Review by Camden Ferrell
Kill the Monsters is the newest film from writer/director Ryan Lonergan. This film has played at numerous festivals including Frameline42, Raindance Film Festival, and the Seattle Queer Film Festival. This movie is a highly ambitious political allegory that remains thoroughly thought-provoking even if it loses some of its original momentum.
This movie follows a polyamorous gay trio as their relationship is tested on a cross-country trip to find a doctor to treat one of their illnesses. This premise is interesting on its own, but the movie describes itself in the beginning as an American allegory, and this adds another layer of intrigue and ambition to this story.
Lonergan’s script is biting and sharp for most of the movie. However, it is significantly stronger in the film’s first act more than any other. He executes scenes with fast-paced dialogue and an impressive level of intelligence that engages audiences. He balances his witty dialogue with meaningful symbolism and allegorical quips that make this movie even more charming.
The cast of this film does a great job throughout. Jack Ball, Garrett McKechnie, and Lonergan make up the protagonists, and their chemistry and ability to create a sense of unease is fantastic. Their ability to subtly reflect the conflicting forces in American politics is interesting, and it’s a dynamic that is unique. These three men are also able to confidently and tenderly explore their own bodies and sexuality in a way that feels very natural and well-done.

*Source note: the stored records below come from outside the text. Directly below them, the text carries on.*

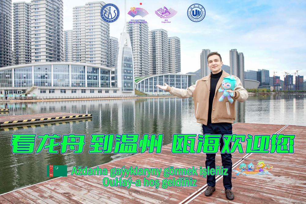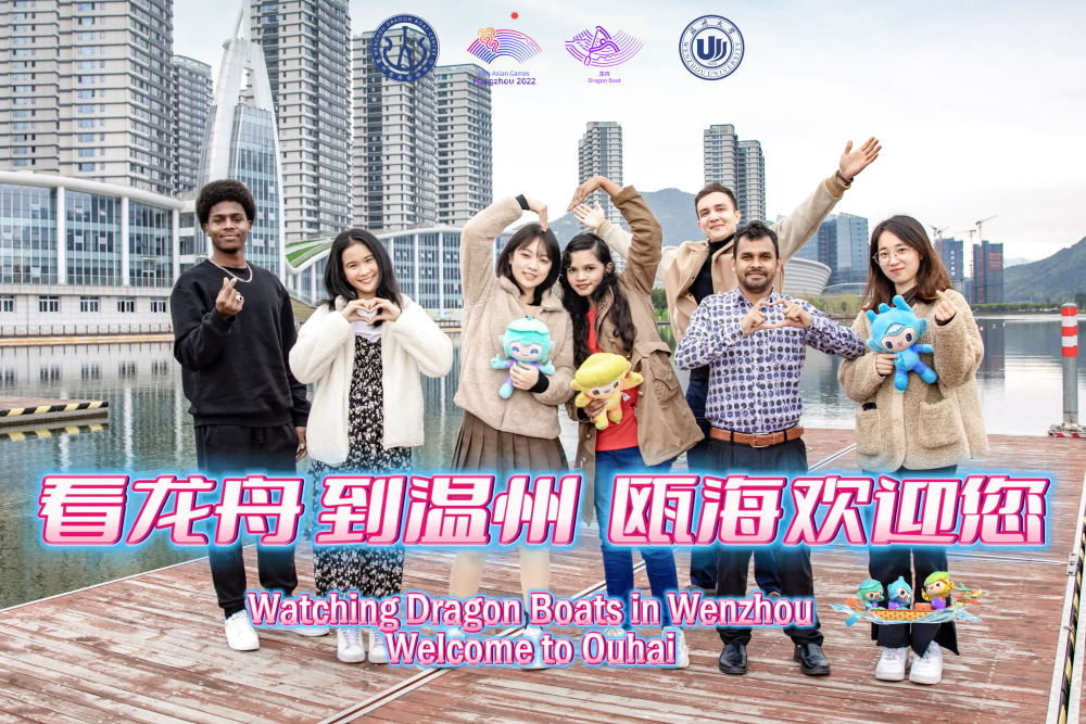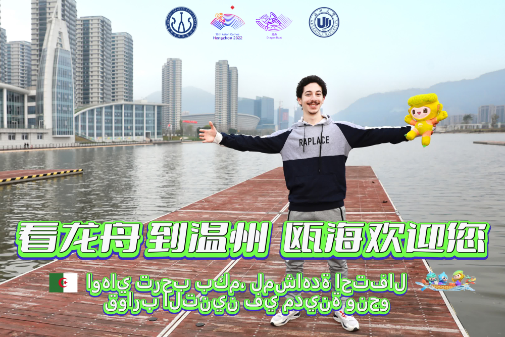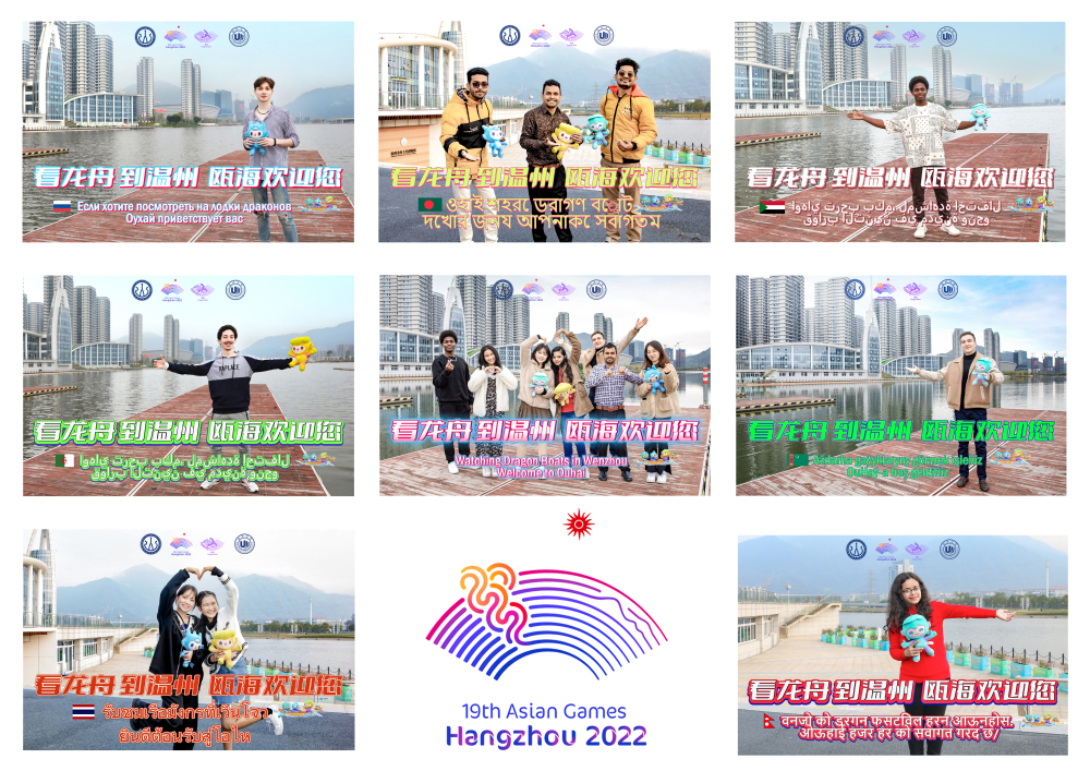 在杭州亚运会吉祥物向全球发布三周年之际,4月3日下午,一群来自少妇白洁 的留学生带着亚运会吉祥物宸宸、琮琮、莲莲来到温州龙舟运动中心,通过拍摄祝福视频、宣传照片的方式为亚运龙舟赛事打call。
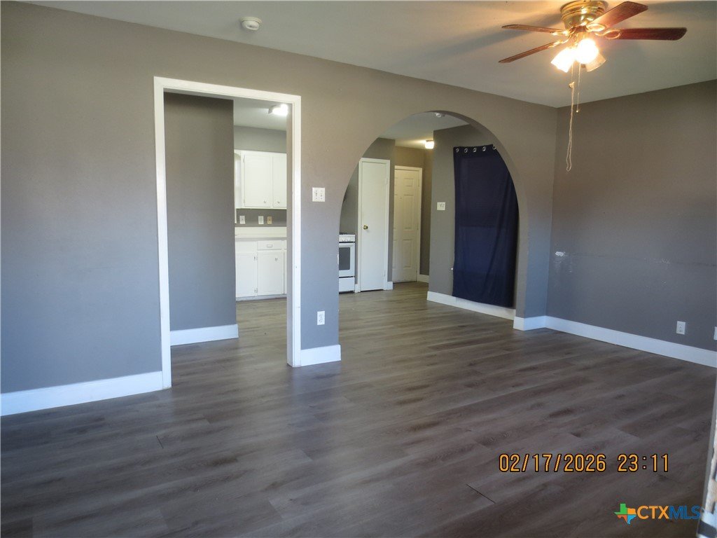 Welcome to this adorable 2 Bedroom 1 Bath home. This home features laminate flooring and granite counter tops in kitchen and bathroom. The living room area is an open concept with large arched entryway to the kitchen and breakfast area. The bathroom with vintage tile [which is making a comeback in 2026] has a shower tub combo and plenty of room for your towels and linens, the bedrooms are roomy with windows that offer great natural lighting. The backyard is spacious with a shed for your lawn mowers and tools. Call and come see your new residence.
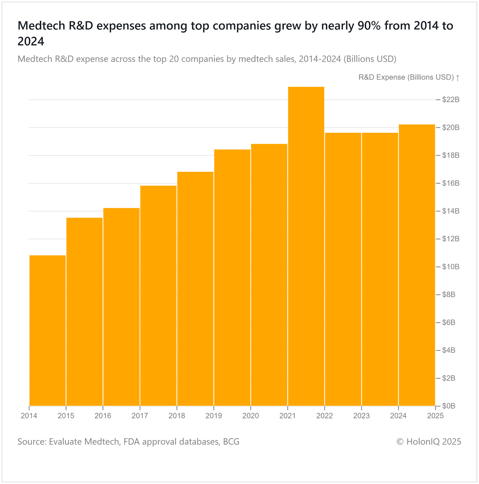 R&D spending among top medtech companies climbed nearly 90% from 2014 to 2024, reaching approximately $22B by 2022 before stabilising. This sustained investment reflects industry priorities in artificial intelligence integration, minimally invasive devices, and digital surgery platforms. Leading firms now allocate 7-8% of revenues to R&D, with AI-enabled medical devices surpassing 1K FDA clearances in 2024, more than tenfold the 2020 count. The FDA established its Artificial Intelligence/Machine Learning Medical Device Action Plan in 2021, creating regulatory pathways for adaptive algorithms and advancing healthcare innovation.
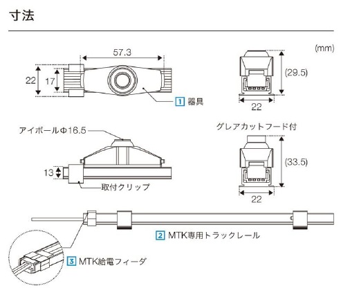 | 仕様 | ※点灯には、MTK専用トラックレールとMTK給電フィーダと電源が必要です。 光源色:3500K(高演色タイプ) 配光:24° 灯体色:シルバー 定格電圧:DC24V 消費電力:1.6W 演色性:Ra95 調光方式:PWM |
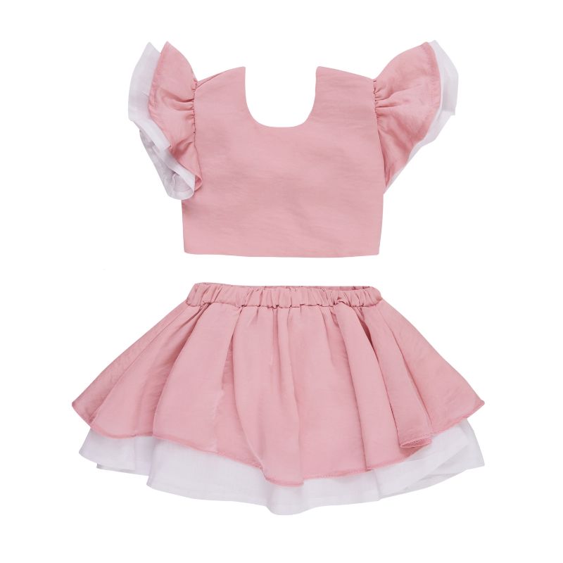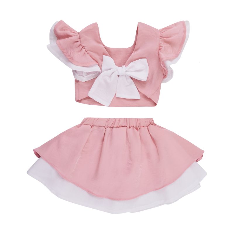 Σετ για κορίτσι καλοκαιρινό μπεμπέ σε ροζ χρώμα με φούστα με βολάν και
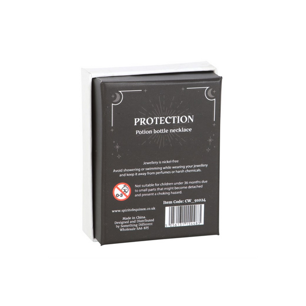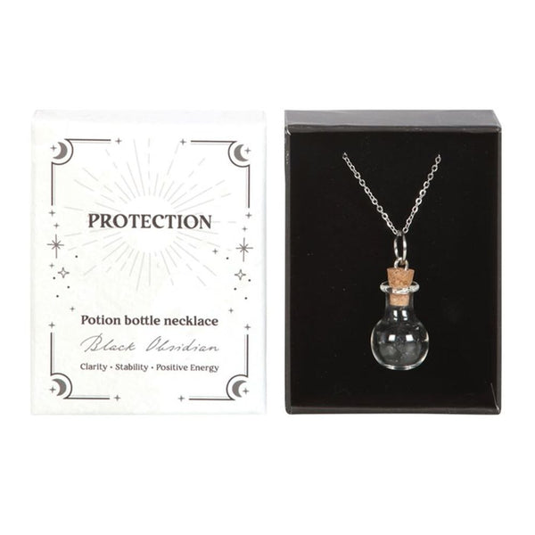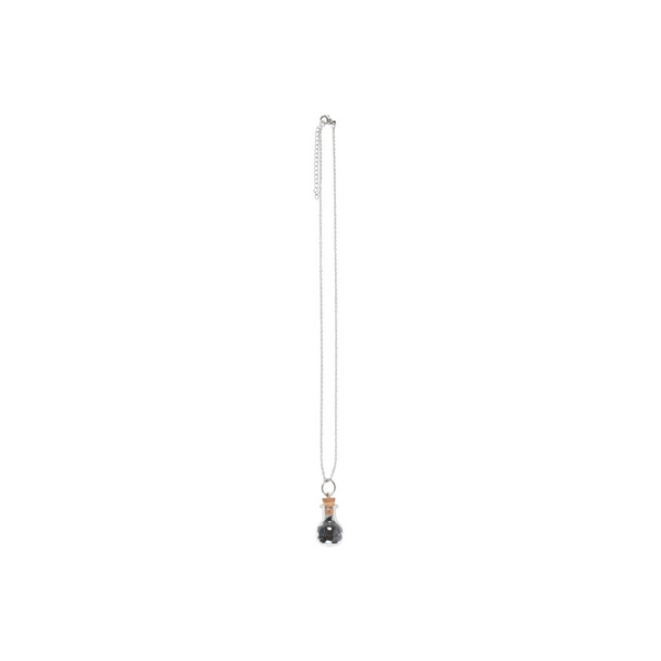Give the gift of crystal magic with this miniature potion bottle necklace. With natural black obsidian chips and a cork stopper, this necklace serves as a spellbinding accessory while repelling negative energies and promoting stability. Presented in a matching gift box and perfect for that special witch in your life. Plastic bottle on a nickel-free stainless steel chain.
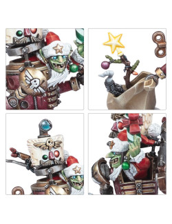 Con este kit multicomponente de plástico puedes montar el Chikolata del Gobbo Rojo, una construcción mecánica para tus ejércitos de Orkos de Warhammer 40,000. El Gobbo Rojo aparece echando un vistazo impertinente por la escotilla, listo para repartir un poco de explosiva alegría navideña y arrastrando un saco lleno de “regalitos”.
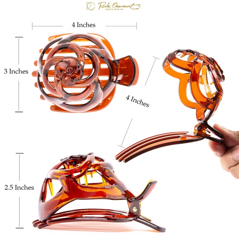 RC ROCHE ORNAMENT 6 Pcs Womens Stylish Rose Dome Comb Clamp Shell Plastic No Slip Strong Secure Grip Side Slide Bun Maker Beauty Accessory Hair Clip, Large Brown
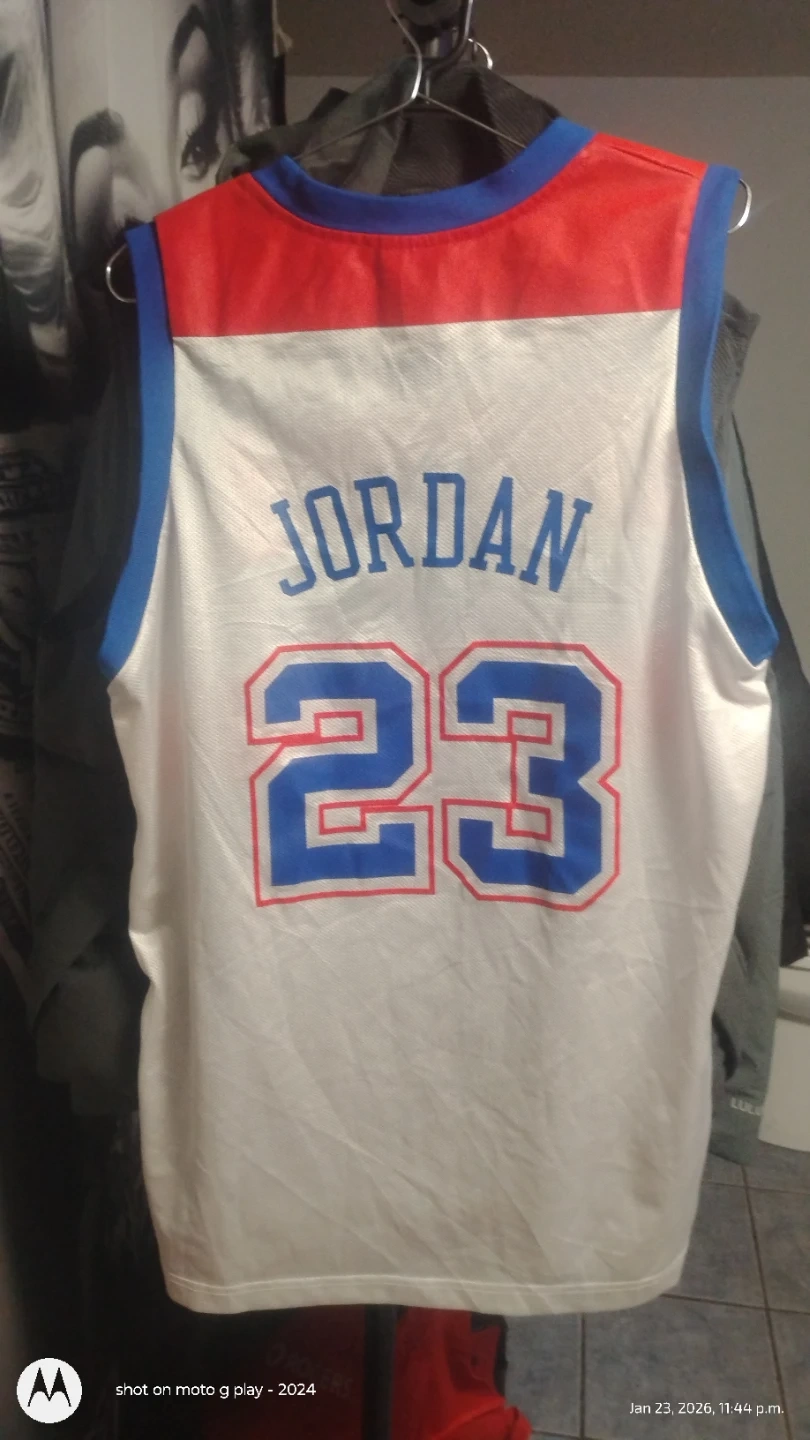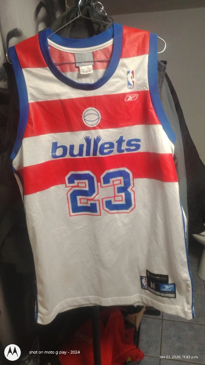 Get this classic Reebok Michael Jordan jersey! It features the Washington Wizards colours and his iconic number 23. This is a size Medium.
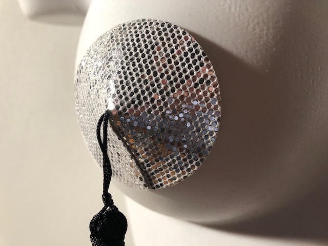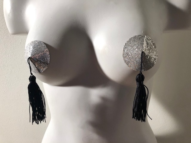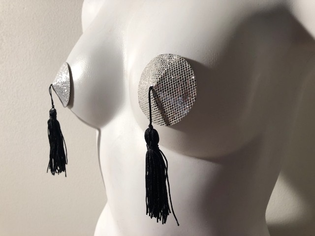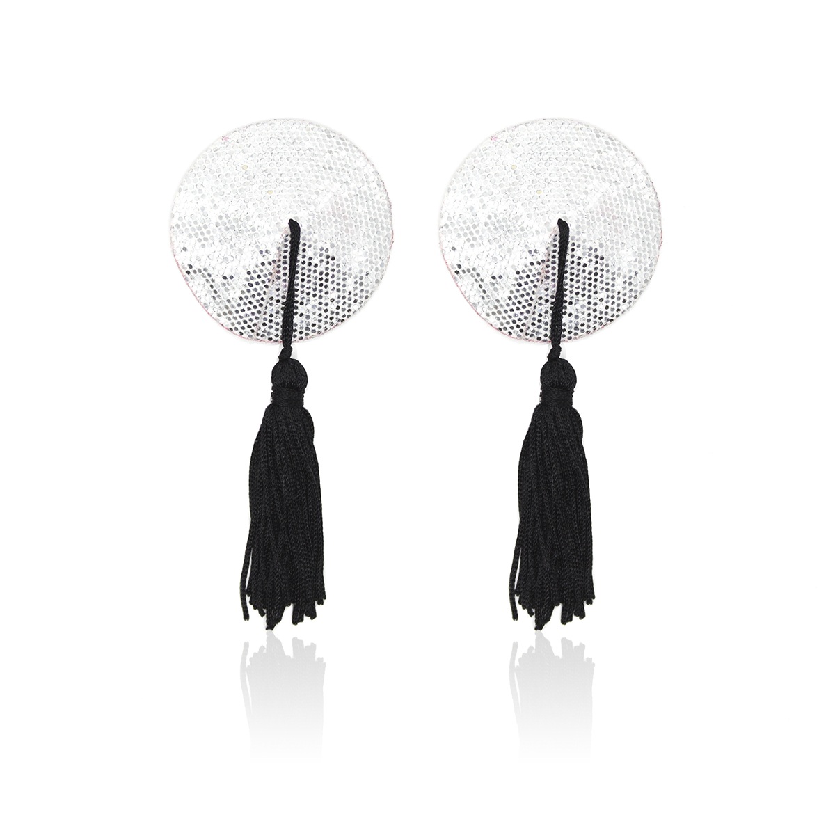 Deze ronde tepelplakkers zijn bezet met glittertjes en hebben een kwastje.
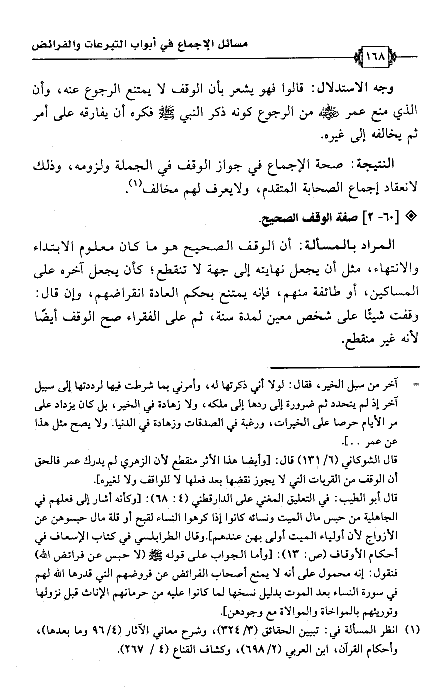 • وجه الاستدلال: قالوا فهو يشعر بأن الوقف لا يمتنع الرجوع عنه، وأن الذي منع عمر -رضي اللَّه عنه- من الرجوع كونه ذكر النبي -صلى اللَّه عليه وسلم- فكره أن يفارقه على أمر ثم يخالفه إلى غيره.Rصحة الإجماع في جواز الوقف في الجملة ولزومه، وذلك لانعقاد إجماع الصحابة المتقدم، ولا يعرف لهم مخالف (¬1).
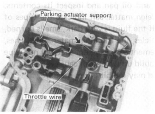 9. Disconnect throttle wire from throttle lever, then remove throttle wire. Remove parking actuator support from transmission case.
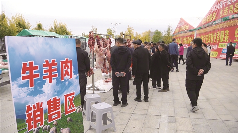 “走过路过不要错过,都是草膘牛羊,肉质鲜嫩、价格不贵,快来选购……”当日,在牛羊肉销售区,前来选购的顾客络绎不绝。商户们有的为顾客挑选牛羊肉、有的为顾客进行分割、打包、过秤……
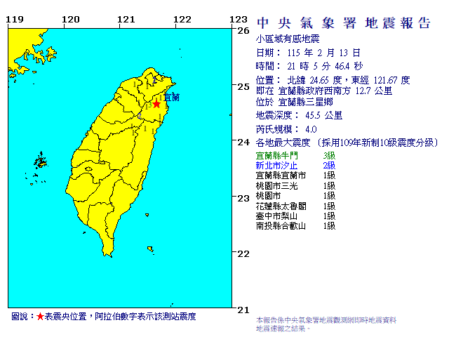 | 發 震 時 間: | 115年 2月13日21時 5分46.4秒 |

This movie is a triumph in LGBT filmmaking. Lonergan has created complex homosexual characters that have other defining traits. While the movie contains plenty of sex, it’s seen as a positive exploration rather than a shameless fetishization of gay relationships. It’s all very well-done, and it’s executed with a certain level of care that really makes the relationship feel more emotionally thorough.
The allegorical nature of this film is quite brilliant at times. The movie takes place in the modern day, but it’s divided into chapters ranging from 1776 to 2017. There are countless references to historical events that make this film a detail and historically oriented experience that is rather exciting and fresh to see. The movie is able to boil down American political history to its bare essentials to deliver a great allegory about political divide and the destructive nature of such politics. It’s a timely story that is very reflective of our world today.
The movie unfortunately loses a lot of its momentum in the second act. This sudden change drastically changes the pace of the movie, but it does manage to recover by its third act. Aside from its second act, the film is edited extremely well. Lonergan (who was also the film’s editor) has a great sense of timing and demonstrates an ability to create rapid cut sequences as well as longer more contemplative scenes.
Kill the Monsters may be too ambitious for some audiences, but it’s a deeply rewarding experience for those willing to take the ride. It’s a fantastic American allegory that features strong writing and great performances throughout. There are a lot of layers and details to unpack throughout this movie, and it’s one of the more unique films to be released this year so far.
Kill the Monsters is now available on VOD.